No other country has such a permanent mandate. All global human rights abuses are debated under Agenda Item 4, including those in Syria and Iran. None of the countries which are considered to be serial human rights abusers have a permanent investigator assigned to them. Such investigators have only temporary mandates that must be renewed.
“When it comes to human rights, no country should be free from scrutiny, including Israel,” said Phee, who is the acting assistant secretary of the Bureau of International Organizations. Israel, Phee told the council, must be held to an equitable standard that would apply to any other country.
“The charter itself says the UN organization is based on the principle of the sovereign equality of all its members. That is not the case when the special rapporteur’s mandate on the occupied Palestinian territories – unlike every other Council mandate – never requires renewal,” Phee said.
The current session’s Agenda Item 4 debate is scheduled for March 14 and the Agenda Item 7 debate is slated for March 19.
Maliki said that Agenda Item 7 was necessary as long as the “occupation” existed so that Israel could be held accountable for its actions.
Israel’s Ambassador to the UN in Geneva Aviva Raz Shechter blamed Palestinian antisemitism for the persistent attacks against Israel, which she noted is the only democracy in the Middle East.

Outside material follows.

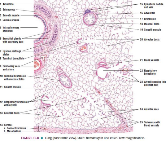Epithelium goes from pseudostratified columnar ciliated in the larynx and trachea to a simple cuboidal non-ciliated form in the alveoli

“It’s time to see the constant discrimination of Israel in this council – by the resolutions that pass by an automatic majority – as stemming out of deeper reasons. Listen to the incitement in the Palestinian territories, nurturing the younger generations with hatred and antisemitic feelings,” Shechter said.
“While antisemitism is raising its ugly head in many countries, the reports and resolutions that are aimed at the creation of databases, boycott and divestment are yet another manifestation of the bias against the Jewish state. Let us acknowledge this shameful reality in this council and say ‘Enough is enough,’” Shechter said.
She brought with her to the council Zehava Shaul, the mother of Oron Shaul, one of two soldiers presumed to have been killed in the 2014 war in Gaza. It is believed that Hamas is holding their bodies along with three Israeli citizens whom it has since kidnapped.
Shechter called upon the body to help Israel secure the release of the bodies and its citizens.
“We call today upon the international community to fulfill its duty and responsibility and pressure Hamas until this unacceptable and cruel abuse of human rights comes to its end,” she said. “Mrs. Shaul deserves to have an end and closure to this inhumane uncertainty and suffering.”